Material provided: Begin
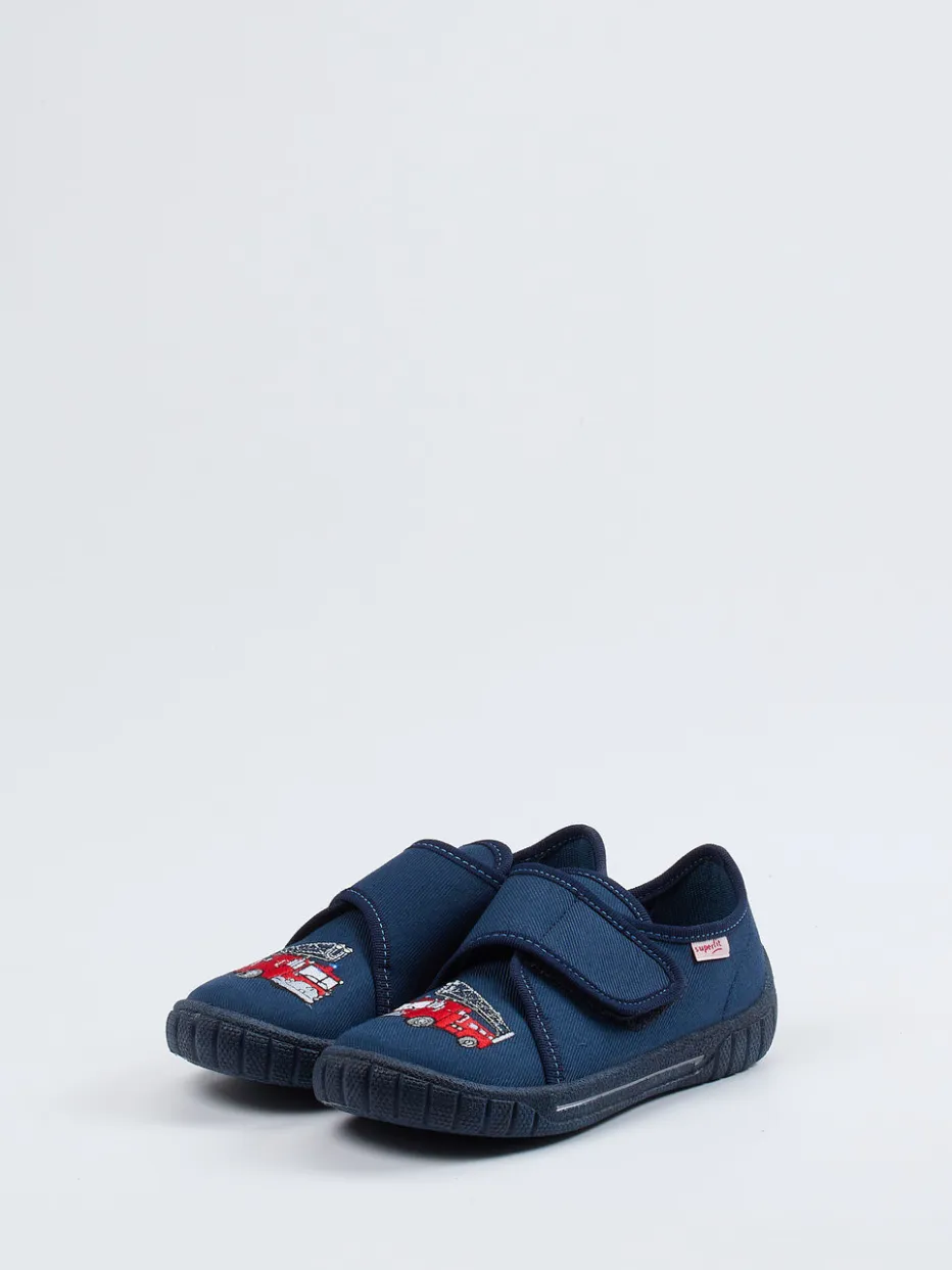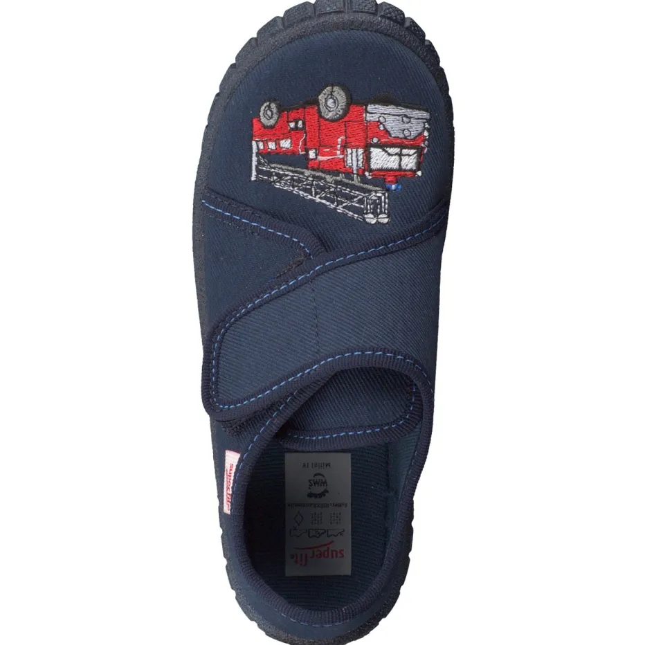 Komfort und Spielspaß für drinnen.Superfit bietet mit diesem Kinder-Hausschuh einen idealen Begleiter für den Alltag zu Hause. Ob beim Spielen im Kinderzimmer oder auf dem Weg zur Kita – der dunkelblaue Hausschuh schafft sicheren Halt dank flexibler PU-Sohle mit Sternenprofil. Das textile Obermaterial wirkt matt strukturiert und wird durch eine auffällige Stickerei mit Feuerwehrmotiv belebt. Der Klettverschluss erleichtert das selbstständige An- und Ausziehen, während eine verstärkte Gummikappe zusätzlichen Schutz garantiert. Ton-in-Ton-Nähte runden das visuelle Gesamtbild dezent ab. Ideal kombinierbar mit Pyjamas oder Strickleggings. Superfit bietet kindgerechten Komfort mit funktionalem Designverständnis.
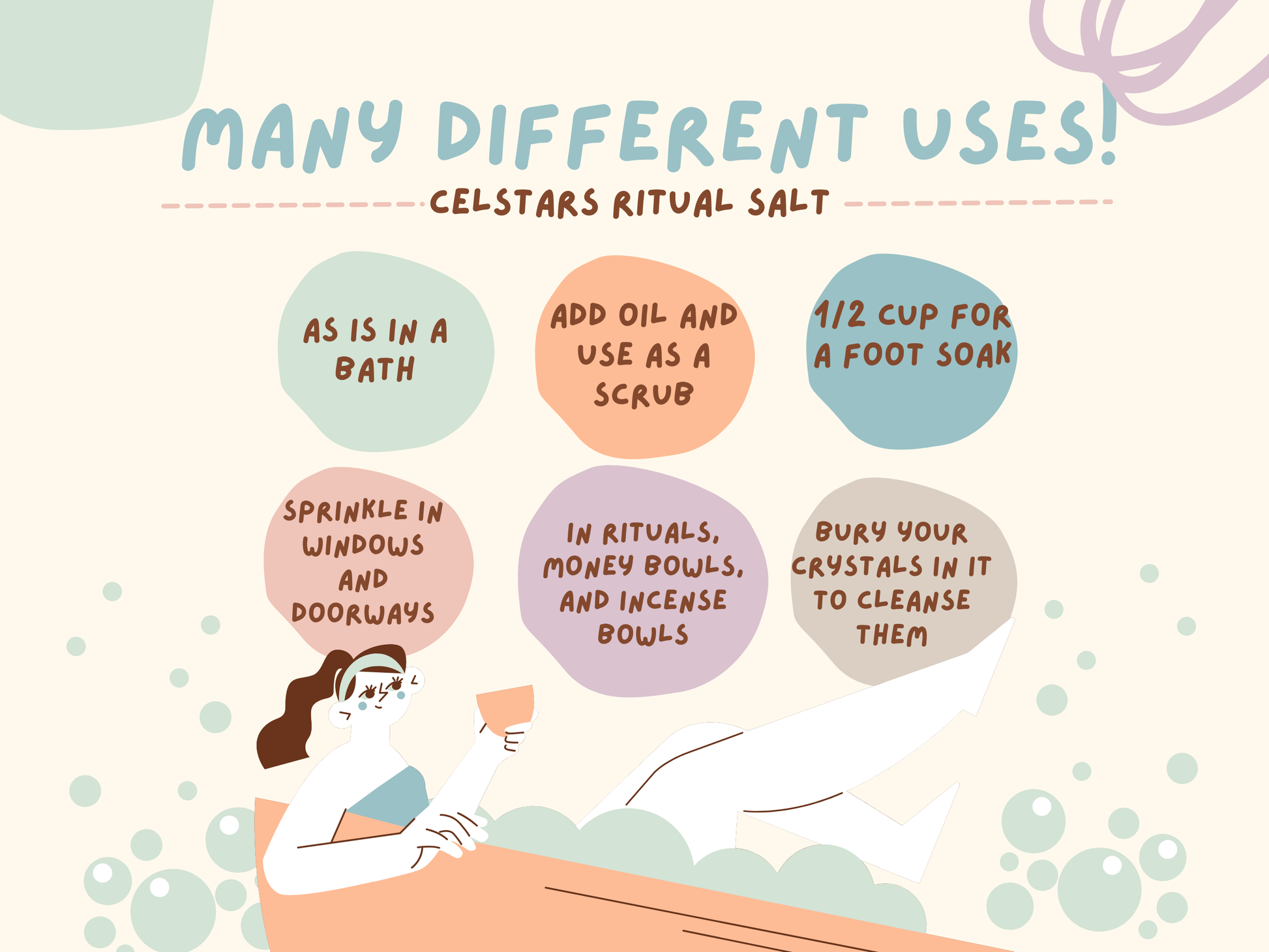 So many uses! Use it as is in a bath, as a foot soak, a scrub, incense holder, sprinkle in in windowsills and doorways, in your shower, and so much more.
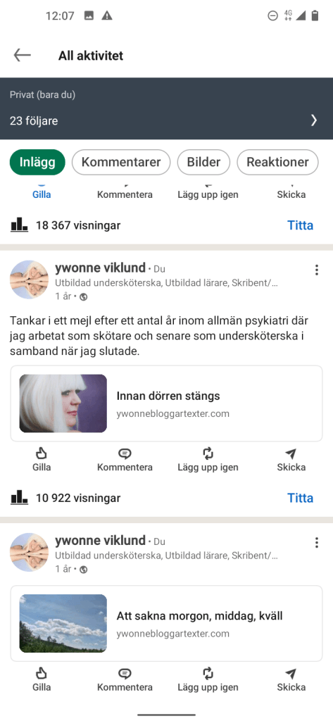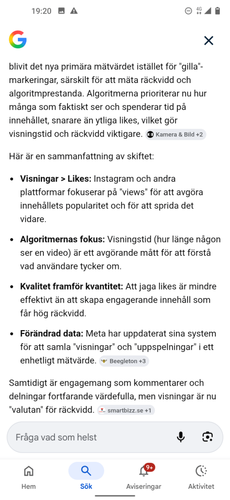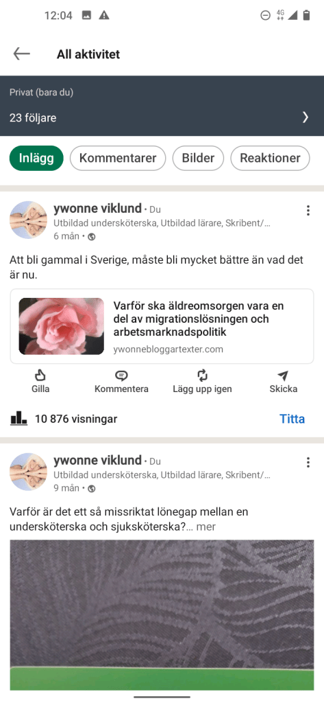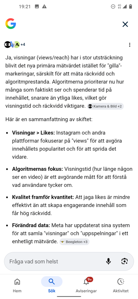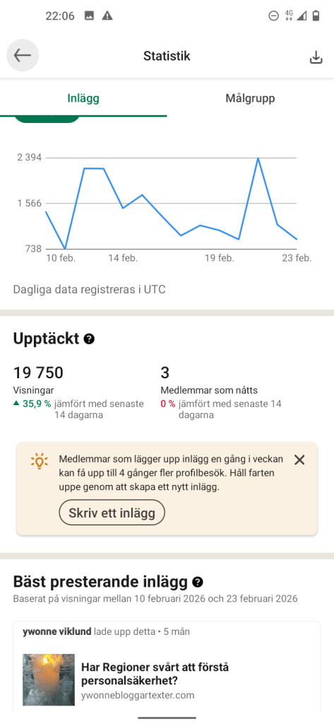 Känns betryggande att läsa, att det nya är Visningar som mätvärden istället för likes, så med andra ord så kan jag fortsätta med mina inlägg, som jag hoppas att när du läser, uppfattar att det framgår en liten blandning av kreativitet och mina åsikter av klarspråk i mitt skrivande av olika inlägg, vill ha texten mer levande och berättande, men med ett viktigt innehåll.
Material provided: End
What to do
Every line above should be transcribed exactly, though no image should be carried over.

Task output
 Komfort und Spielspaß für drinnen.Superfit bietet mit diesem Kinder-Hausschuh einen idealen Begleiter für den Alltag zu Hause. Ob beim Spielen im Kinderzimmer oder auf dem Weg zur Kita – der dunkelblaue Hausschuh schafft sicheren Halt dank flexibler PU-Sohle mit Sternenprofil. Das textile Obermaterial wirkt matt strukturiert und wird durch eine auffällige Stickerei mit Feuerwehrmotiv belebt. Der Klettverschluss erleichtert das selbstständige An- und Ausziehen, während eine verstärkte Gummikappe zusätzlichen Schutz garantiert. Ton-in-Ton-Nähte runden das visuelle Gesamtbild dezent ab. Ideal kombinierbar mit Pyjamas oder Strickleggings. Superfit bietet kindgerechten Komfort mit funktionalem Designverständnis.
 So many uses! Use it as is in a bath, as a foot soak, a scrub, incense holder, sprinkle in in windowsills and doorways, in your shower, and so much more.
 Känns betryggande att läsa, att det nya är Visningar som mätvärden istället för likes, så med andra ord så kan jag fortsätta med mina inlägg, som jag hoppas att när du läser, uppfattar att det framgår en liten blandning av kreativitet och mina åsikter av klarspråk i mitt skrivande av olika inlägg, vill ha texten mer levande och berättande, men med ett viktigt innehåll.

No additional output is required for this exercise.